Tuesday, December 22, 2009

Modules (a.k.a. Packages)



[ Team LiB ]





Modules (a.k.a. Packages)


MODULES are an old, established design element. There are technical considerations, but cognitive overload is the primary motivation for modularity. MODULES give people two views of the model: They can look at detail within a MODULE without being overwhelmed by the whole, or they can look at relationships between MODULES in views that exclude interior detail.


The MODULES in the domain layer should emerge as a meaningful part of the model, telling the story of the domain on a larger scale.



Everyone uses MODULES, but few treat them as a full-fledged part of the model. Code gets broken down into all sorts of categories, from aspects of the technical architecture to developers' work assignments. Even developers who refactor a lot tend to content themselves with MODULES conceived early in the project.


It is a truism that there should be low coupling between MODULES and high cohesion within them. Explanations of coupling and cohesion tend to make them sound like technical metrics, to be judged mechanically based on the distributions of associations and interactions.
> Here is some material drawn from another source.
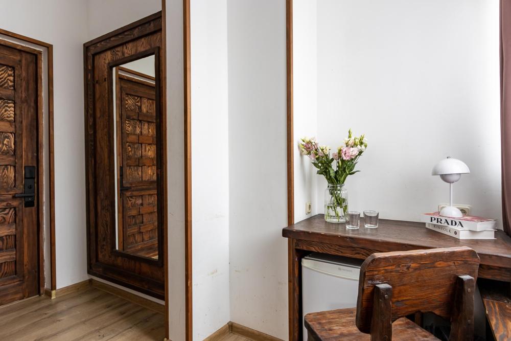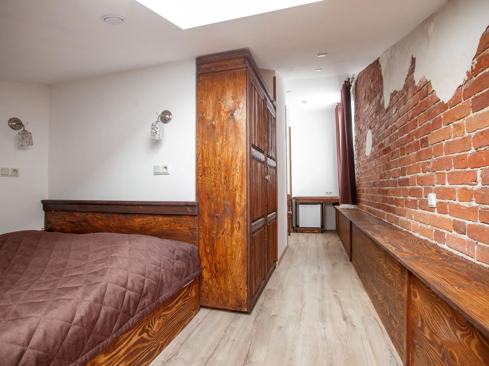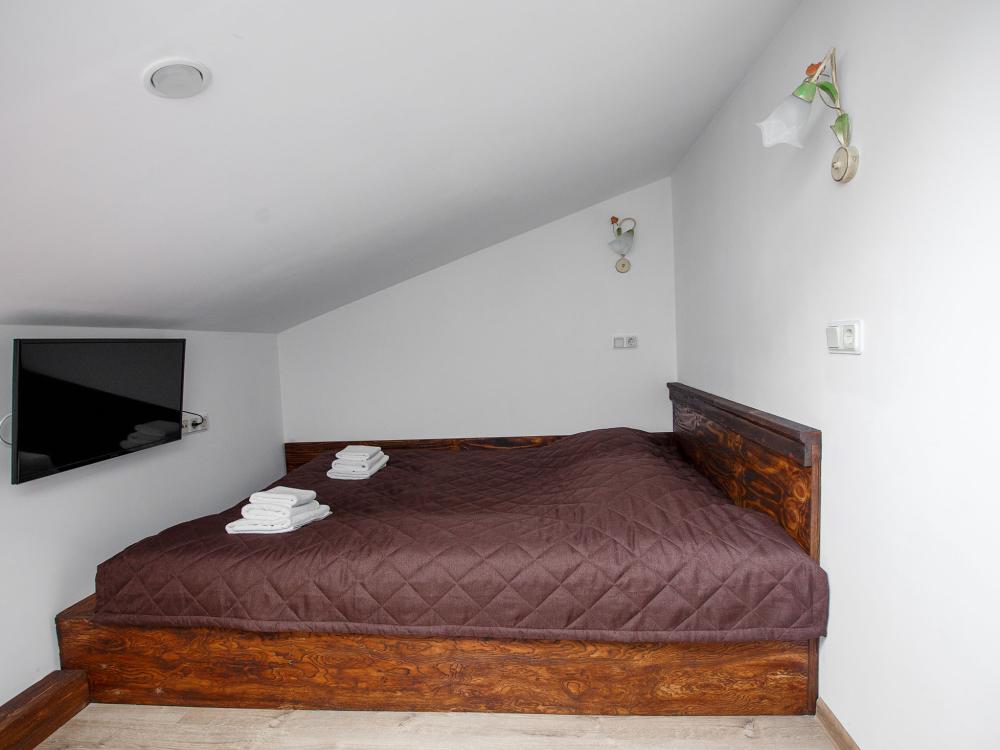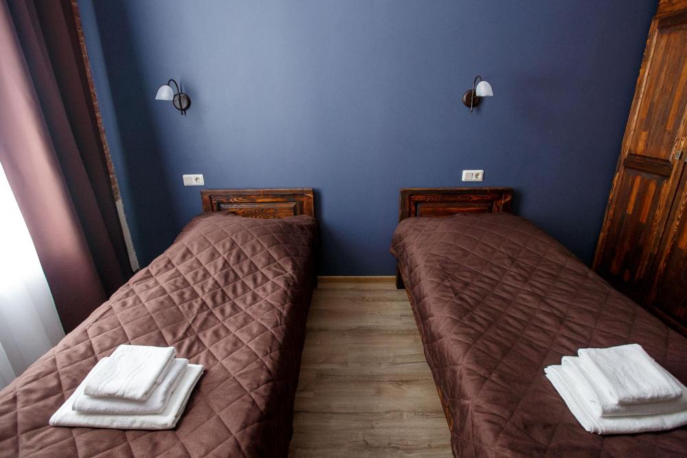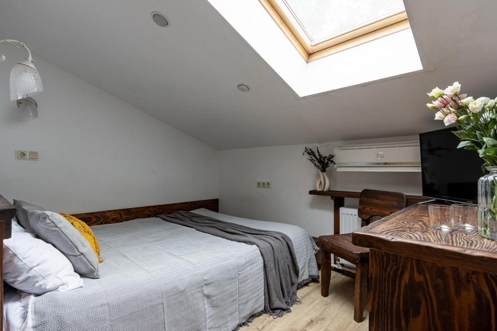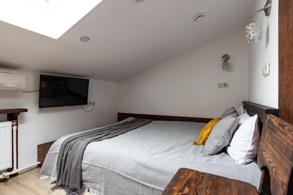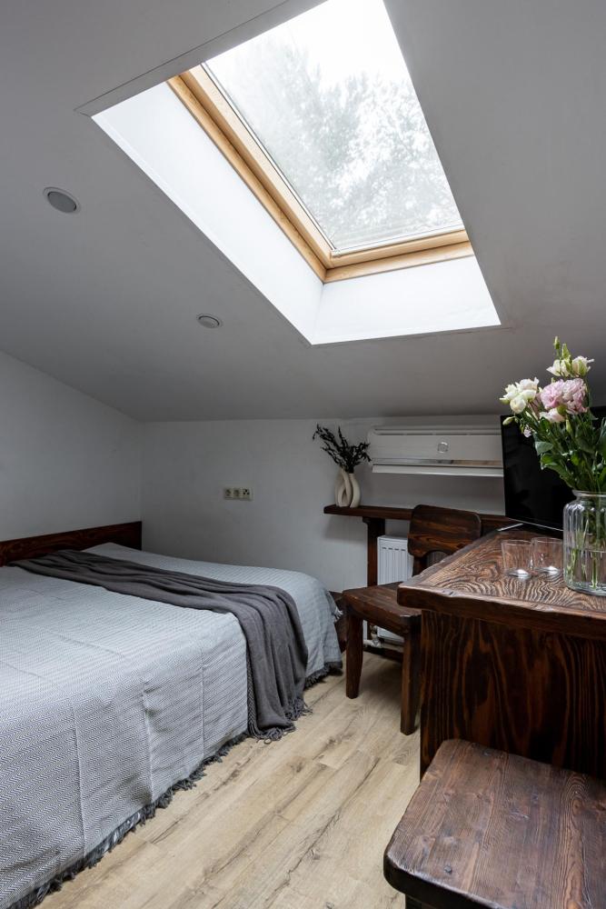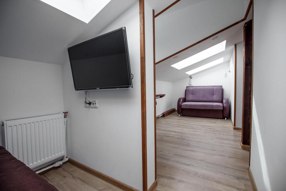 В номере есть одна двуспальная кровать и мини-диван, письменный стол, стул,шкаф для одежды, телевизор, холодильник, минибар, ванные принадлежности( одноразовые: зубная щетка, зубная паста, шампунь, гель для душа, тапочки), фен, душевая кабина и туалет, утюг и гладильная доска на ресепшене. Один из номеров мансардный.

Yet it isn't just code being divided into MODULES, but concepts. There is a limit to how many things a person can think about at once (hence low coupling). Incoherent fragments of ideas are as hard to understand as an undifferentiated soup of ideas (hence high cohesion).


Low coupling and high cohesion are general design principles that apply as much to individual objects as to MODULES, but they are particularly important at this larger grain of modeling and design. These terms have been around for a long time; one patterns-style explanation can be found in Larman 1998.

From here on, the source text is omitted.